Les Dieux antiques/Mythes grecs et latins ou classiques

J. Rothschild, éditeur (p. 41-43).





MYTHES GRECS ET LATINS
OU CLASSIQUES


À qui demanderait pourquoi, dans cette double mythologie, grecque et latine, les mythes grecs prennent une valeur que n’ont pas les mythes latins, je répondrais : parce que l’on peut dire des seuls mythes grecs, plus anciens, que ce sont des personnifications vivantes de phénomènes naturels. En même temps que l’imagination humaine leur communiquait ses formes heureuses, ils ont reçu d’elle une vie véritable. Les mythes latins ont été presque toujours empruntés à l’Olympe grec, tout entiers, avec leur légende déjà faite. De sorte qu’en supposant même qu’il ne soit pas absurde d’appeler d’un nom unique des déités invoquées dans deux langues différentes, c’est le nom grec qu’il eût convenu de donner sans distinction aux déités helléniques et à celles italiques, et non le nom latin, ainsi qu’on l’a longtemps fait chez nous. Nous reconnaîtrons cependant qu’à la séparation des Pélasges, qui vinrent habiter presque simultanément la Grèce et l’Italie, survécut ici et là un fond commun de traditions, lequel ne s’oblitéra pas totalement en Italie, et, tout au moins, prédisposa les esprits à une juxtaposition aisée des déités grecques, quand celles-ci pénétrèrent dans cette contrée fraternelle.

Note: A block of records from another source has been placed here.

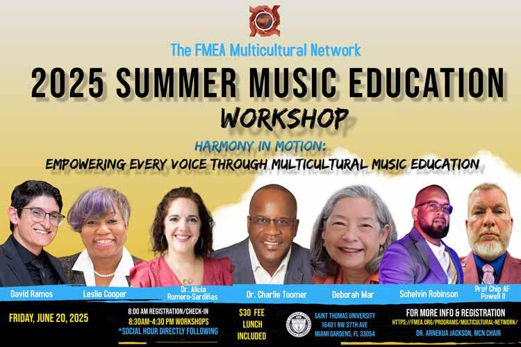 The annual FMEA Multicultural Network (MCN) Summer Music Education Conference Workshop “Harmony in Motion” will be held on June 20, 2025, at St. Thomas University. For more information, please see the FMEA website.
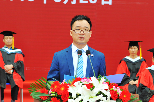 副校长朱军宣读了《潍坊医学院授予硕士学位的决定》,毕业研究生代表李玉磊、毕业研究生亲属代表吕梅贞、研究生导师代表成敏教授分别在典礼上讲话。
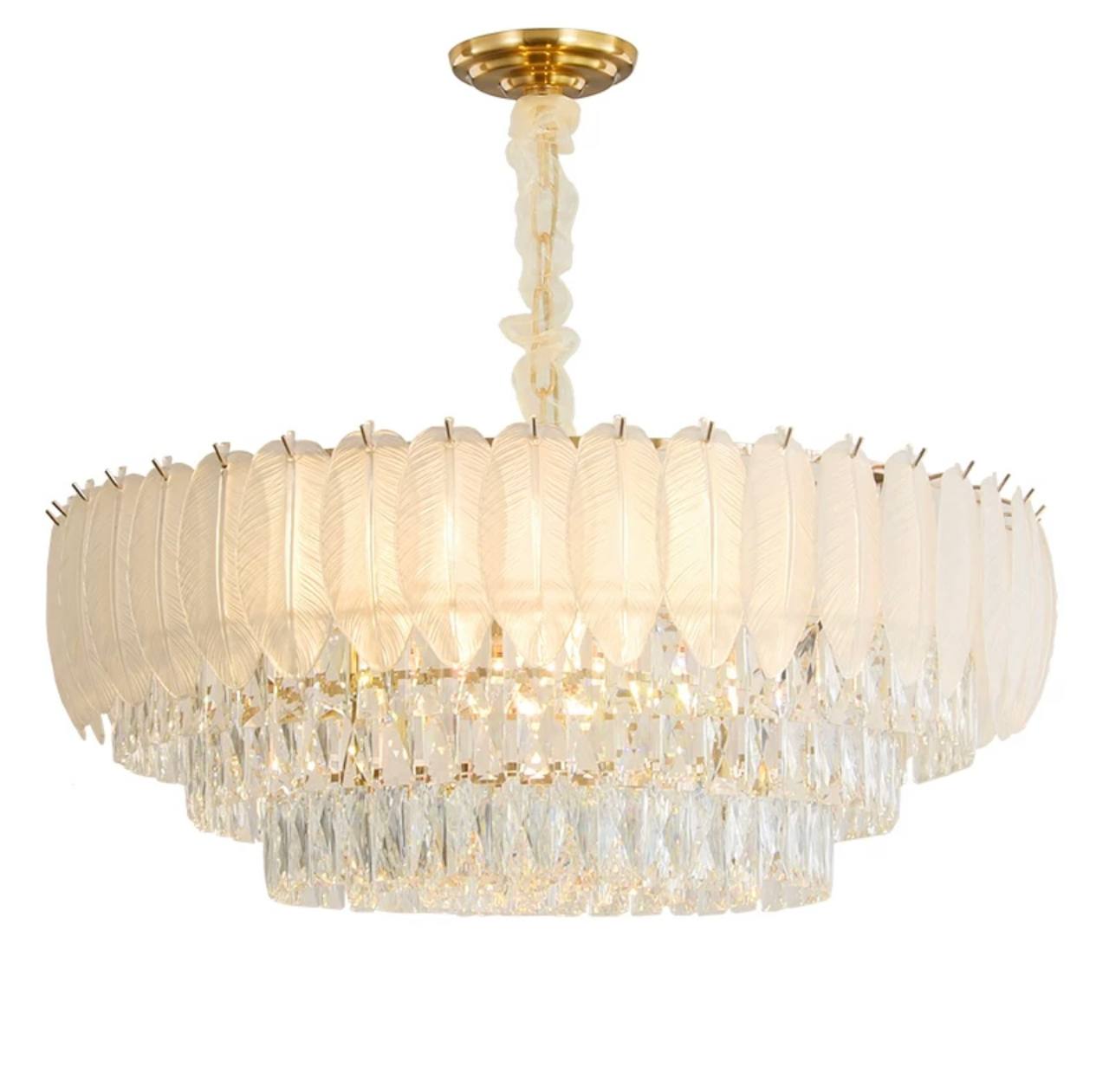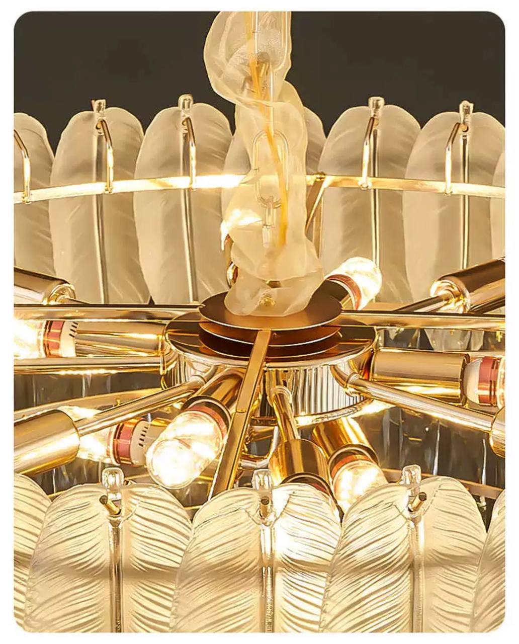 Люстра подвесная AKCICEC 60*35 белый, золото, стекло, металл, Е14.
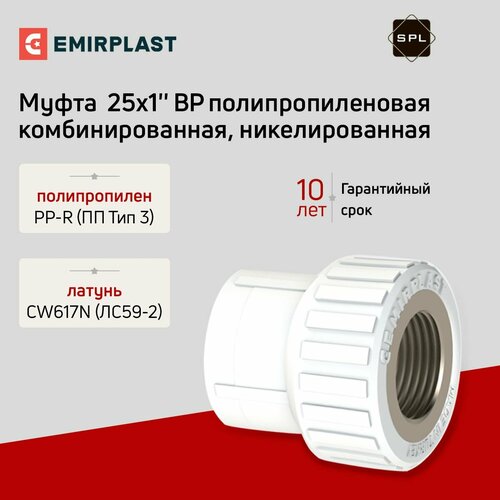 Муфта комбинированная полипропиленовая 25х1' ВР SPL-Emirplast (никелированная)
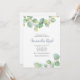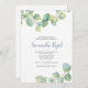 This elegant botanical bridal shower invitation features Victoria's original watercolor painting of eucalyptus greenery on a crisp white background. The bride's name is set in a grey blue ink. Your shower details are draped with abundant green branches of eucalyptus leaves in a vibrant painted watercolor by Victoria of VG Invites. To see more, visit www.zazzle.com/vginvites
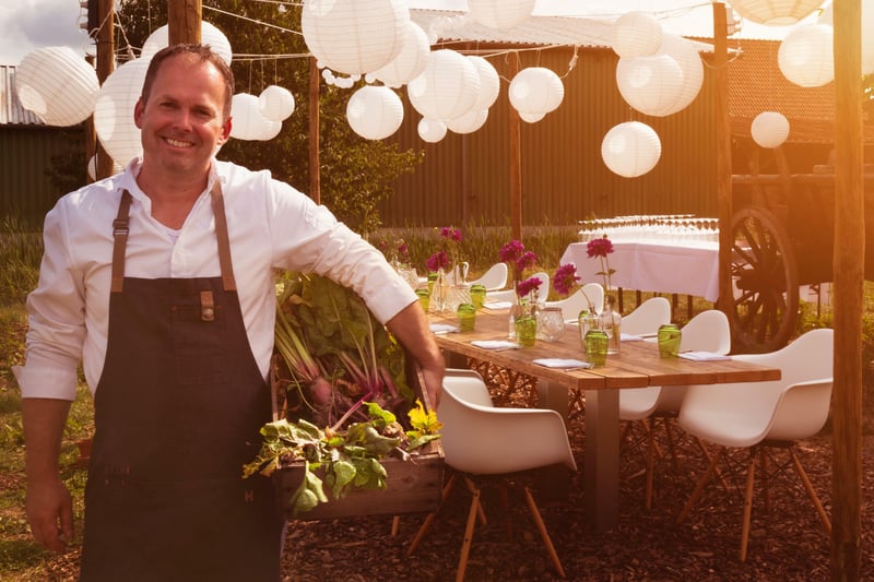 Aus der Scholle direkt in die Küche: Der Sternekoch bedient sich an Beeten, Sträuchern und Bäumen aus der Nachbarschaft.

La prétendue mythologie latine du siècle de Virgile et d’Horace est une pure copie du grec, et à peine peut-on en conséquence la regarder comme latine. Toutefois il y a une mythologie latine qui ne résulte en rien d’un emprunt de ce genre. Avant que les tribus latines aient eu des relations avec les tribus grecques, elles possédaient leurs propres déités et des êtres surnaturels dont le caractère dénota le culte d’un peuple occupé principalement à labourer la terre. Ces déités avaient leur nom, avec certaines qualités ou dispositions qui leur étaient inhérentes, mais il ne se racontait d’elles que peu ou pas de légendes. Aussi, quand les tribus latines se mêlèrent de colons grecs, fut-on tenté d’identifier d’abord les dieux latins avec les dieux grecs, et de transporter de bonne heure chez les déités latines toutes les légendes que les Grecs relataient de leurs propres personnages mythiques. Ce faisant, on introduisit quelques nouveaux traits : fort rarement. On se contentait d’ordinaire d’attribuer toutes les légendes latines aux dieux grecs, avec lesquels, dans bien des cas, ils n’avaient de commun ni le nom ni la qualité. Ainsi les histoires racontées d’Hermès, chacun les rapporta également à propos de Mercure. Mais dans un cas ou deux, le caractère de la déité grecque est altéré en mauvaise part. L’aimable Saranyu, ou l’aurore de l’Inde, par exemple, devint la sombre et sévère Erinnys des Grecs ; de même les Harpies, qui, dans les poèmes d’Hésiode, sont de belles filles de Thaumas et d’Électre, se trouvent, dans Virgile, être de vils oiseaux de proie.